■ **PROVIDED MATERIAL**:
☆ ☆ ☆ ☆

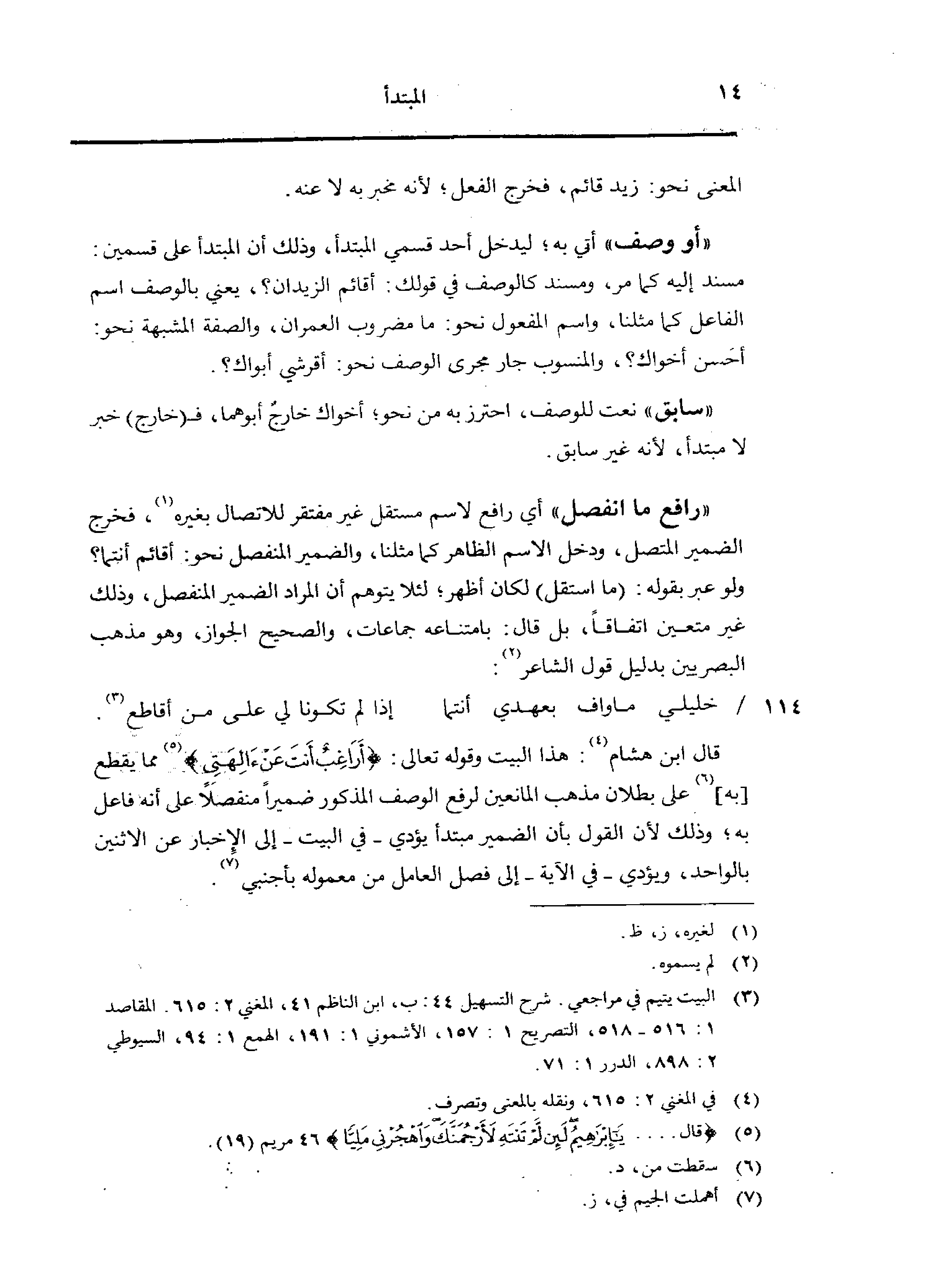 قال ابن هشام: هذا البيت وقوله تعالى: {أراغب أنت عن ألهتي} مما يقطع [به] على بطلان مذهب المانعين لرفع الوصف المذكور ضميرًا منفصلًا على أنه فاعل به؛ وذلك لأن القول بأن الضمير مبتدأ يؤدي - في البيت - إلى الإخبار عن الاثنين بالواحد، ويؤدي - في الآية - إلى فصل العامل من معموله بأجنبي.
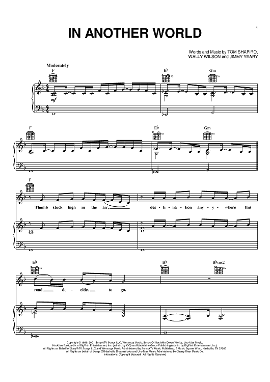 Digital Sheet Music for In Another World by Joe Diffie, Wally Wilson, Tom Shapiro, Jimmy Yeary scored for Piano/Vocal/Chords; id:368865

☆ ☆ ☆ ☆

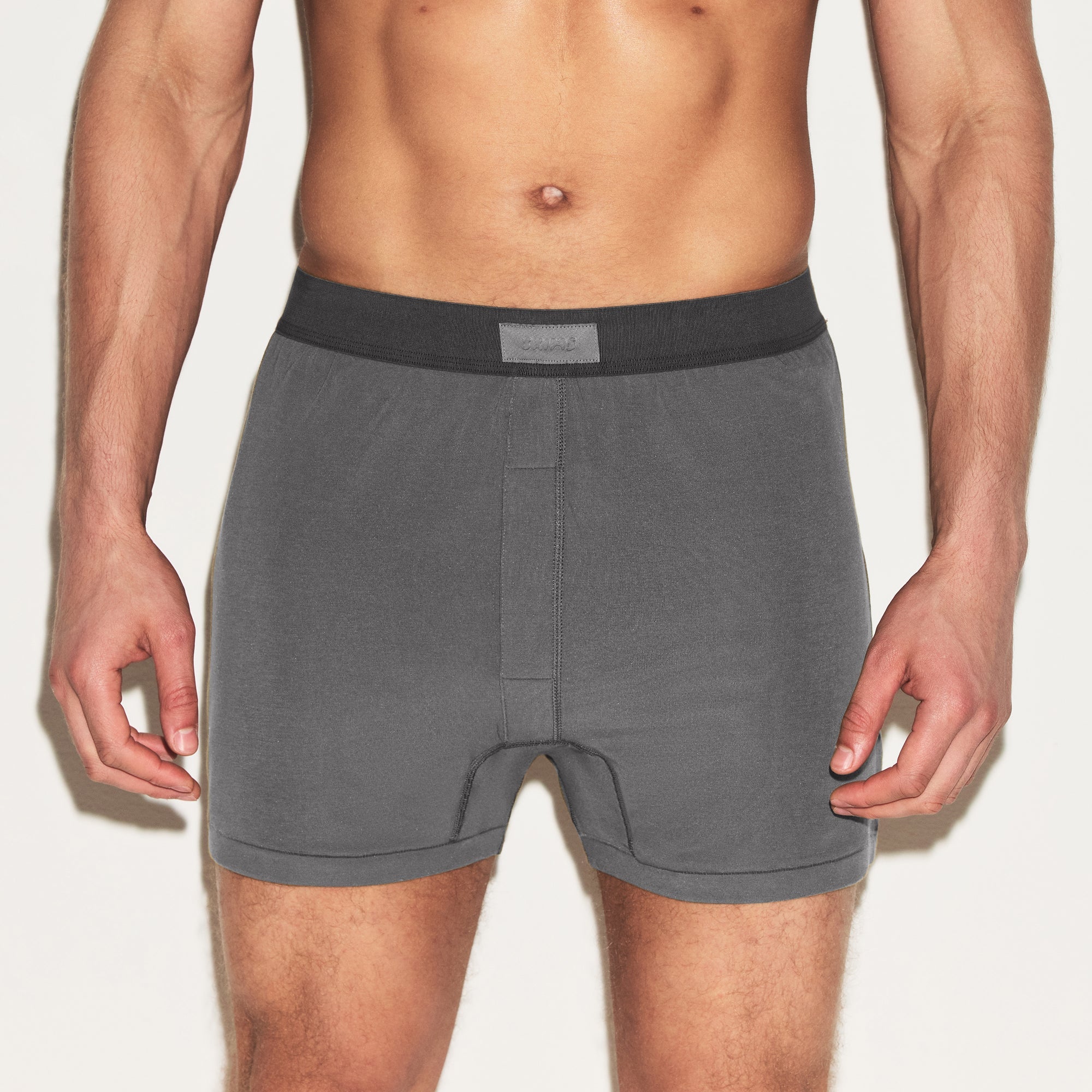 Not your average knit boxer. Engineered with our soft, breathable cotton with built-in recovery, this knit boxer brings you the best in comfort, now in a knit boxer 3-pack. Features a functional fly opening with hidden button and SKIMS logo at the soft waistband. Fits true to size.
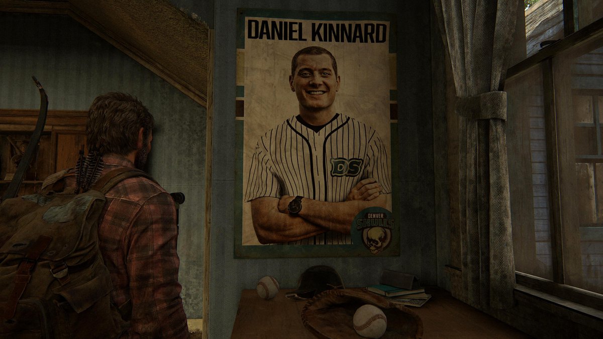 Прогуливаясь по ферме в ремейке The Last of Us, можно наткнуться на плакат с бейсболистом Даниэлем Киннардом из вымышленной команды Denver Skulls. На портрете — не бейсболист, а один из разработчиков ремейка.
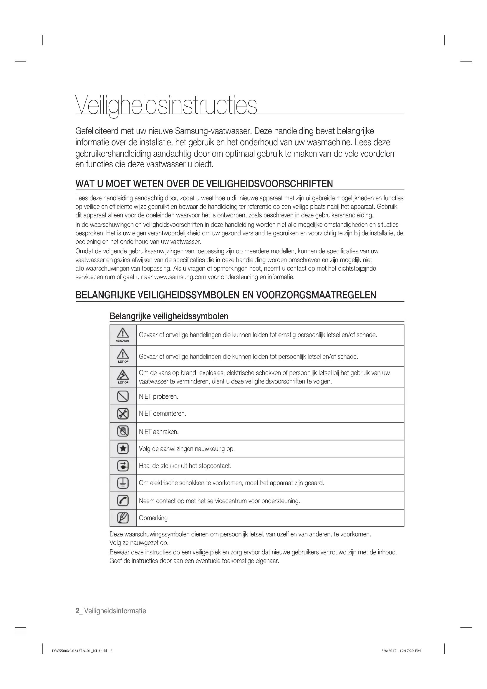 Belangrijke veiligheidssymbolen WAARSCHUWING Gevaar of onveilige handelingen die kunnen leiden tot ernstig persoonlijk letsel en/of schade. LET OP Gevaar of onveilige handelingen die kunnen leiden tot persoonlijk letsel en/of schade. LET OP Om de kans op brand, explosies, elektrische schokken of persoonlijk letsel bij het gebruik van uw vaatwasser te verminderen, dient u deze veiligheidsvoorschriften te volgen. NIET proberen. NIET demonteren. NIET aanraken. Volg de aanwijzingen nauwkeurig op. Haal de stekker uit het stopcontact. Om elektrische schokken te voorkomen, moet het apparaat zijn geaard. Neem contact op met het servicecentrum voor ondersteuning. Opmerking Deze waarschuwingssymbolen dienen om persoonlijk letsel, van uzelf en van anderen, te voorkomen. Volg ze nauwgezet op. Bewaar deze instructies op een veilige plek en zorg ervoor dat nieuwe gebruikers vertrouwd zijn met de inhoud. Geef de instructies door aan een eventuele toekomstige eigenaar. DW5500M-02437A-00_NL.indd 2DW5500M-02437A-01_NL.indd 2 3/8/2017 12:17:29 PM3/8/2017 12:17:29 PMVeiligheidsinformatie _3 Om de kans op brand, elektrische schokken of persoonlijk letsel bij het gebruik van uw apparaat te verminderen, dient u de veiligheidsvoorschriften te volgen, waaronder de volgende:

☆ ☆ ☆ ☆

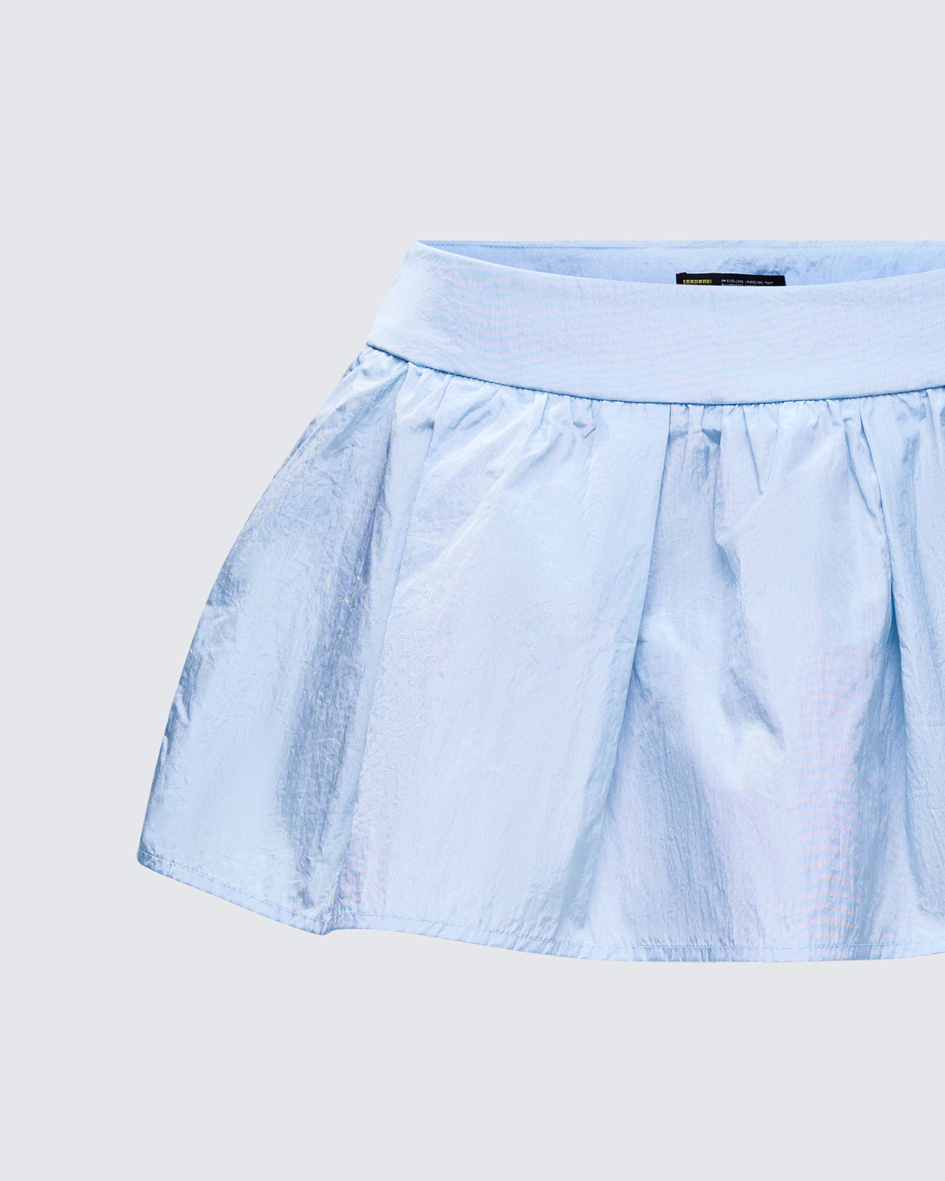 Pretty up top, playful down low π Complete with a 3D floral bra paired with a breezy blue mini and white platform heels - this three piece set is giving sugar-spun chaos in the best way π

☆ ☆ ☆ ☆

■ **TASK OBJECTIVE**: Leave the pictures out, and transcribe exactly the lines above starting at the one that contains "قال ابن هشام: هذا" and ending at the one that contains "Digital Sheet Music".

■ **REPLY TO THE EXERCISE**:
 قال ابن هشام: هذا البيت وقوله تعالى: {أراغب أنت عن ألهتي} مما يقطع [به] على بطلان مذهب المانعين لرفع الوصف المذكور ضميرًا منفصلًا على أنه فاعل به؛ وذلك لأن القول بأن الضمير مبتدأ يؤدي - في البيت - إلى الإخبار عن الاثنين بالواحد، ويؤدي - في الآية - إلى فصل العامل من معموله بأجنبي.
 Digital Sheet Music for In Another World by Joe Diffie, Wally Wilson, Tom Shapiro, Jimmy Yeary scored for Piano/Vocal/Chords; id:368865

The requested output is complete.